Читаем Борджиа полностью

Проницательный Вольтер в своем Эссе о нравах(1756) подвергает сомнению тот факт, что Александр VI был отравлен, и даже то, что Борджиа вообще использовали яд. Однако, ничуть не смущаясь, он повторяет обвинение в инцесте по отношению к Лукреции и обвиняет Чезаре в преступлениях. Он признает, что некоторые поступки, считавшиеся естественными в то время, имели положительные последствия для Истории. «Александр VI оставил в Европе о себе память более одиозную, чем все нероны и Калигулы вместе взятые, потому что святость его сана делает его гораздо более виновным в его злоупотреблениях. Однако именно ему Рим обязан своим светским величием… Его сын потерял все, чего добился в результате своих преступлений, а Церковь пожинала их плоды…» Но что поражает, так это то, что Церковь тогда не подверглась нападкам: в связи с тем, что большинство князей, министров и военных не остались в накладе, преступления папы их совершенно не интересовали… Одураченный народ шел на богомолье. Сильные мира сего перерезали друг другу горло и грабили. Они считали, что Александр VI ничем от них не отличается, а Святым престолом называли средоточие всех преступлений.

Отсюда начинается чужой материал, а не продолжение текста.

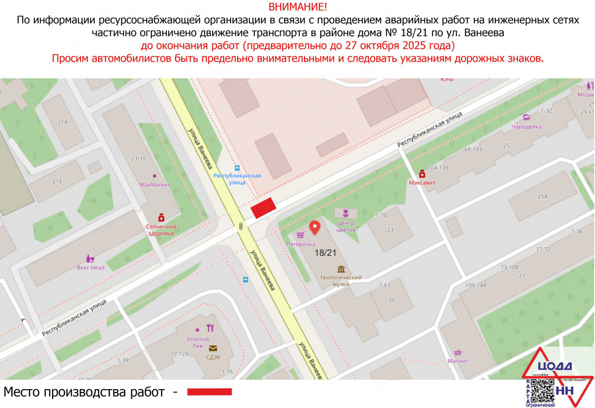 В Нижнем Новгороде до окончания аварийных работ на инженерных сетях полностью ограничено движение транспорта в районе дома №18/21 по улице Ванеева. Об этом сообщает пресс-служба городской администрации.

Фридрих II Прусский, действовавший, подобно князьям эпохи Возрождения, с такой же бессовестной ловкостью, еще до своего восшествия на престол в 1740 году написал трактат Анти-Макиавелли,где он отвергает советы, даваемые флорентийским секретарем на примере Чезаре Борджиа. Теоретик Общественного ДоговораЖан-Жак Руссо заклеймил эксплуатацию человека человеком, но при этом считал полезным перечисление заслуживающих порицания поступков Чезаре — народ будет знать, какие злоупотребления могут совершать сильные мира сего, и сможет себя защитить. История Борджиа призывает граждан к бдительности.

Следовало ожидать, что историки и публицисты революционной эпохи будут придерживаться такой же точки зрения. Но когда прошла буря, стало модно размышлять над произведением Макиавелли. В предисловии к большому изданию в Париже, выпущенном в год VI республики, издатель Жироде очень сдержан по отношению к писателю, «который дает уроки деспотам, как бороться с народами и совершенствоваться в искусстве их порабощения». Но, читая его трактат, убеждаешься, что автор — «пылкий и просвещенный патриот». В «Рассуждении о первом десятилетии правления Тита Ливия» флорентиец рассматривает разные формы правления. Он отрицает существование сговора между религией и властью в государствах Церкви: «Рим, бывший когда-то центром мощного и великого государства, подчинившего себе весь мир, оказался во власти выборных старых монархов, из которых ни один не был в состоянии создать крепкое государство… Пусть судят о могуществе властителя, бывшего одновременно наместником Бога, священником, королем, священным законодателем, пророком, наделявшего и жизнью и смертью, связывавшего целые народы и каждого в отдельности неразрывными узами, которые он один имел право и власть разрубить по своему желанию! Пусть все увидят у ног его государей и императоров! В папской тиаре, с ключами святого Петра, со святыми дарами, он простирал свою длань и распространял свою власть почти по всей земле, раздавая народам новые, неожиданно открытые миры, и поэтому он — еще более могущественный, чем те же самые римляне, в чьем городе он жил и которому судьбой было уготовано снова стать столицей Вселенной!»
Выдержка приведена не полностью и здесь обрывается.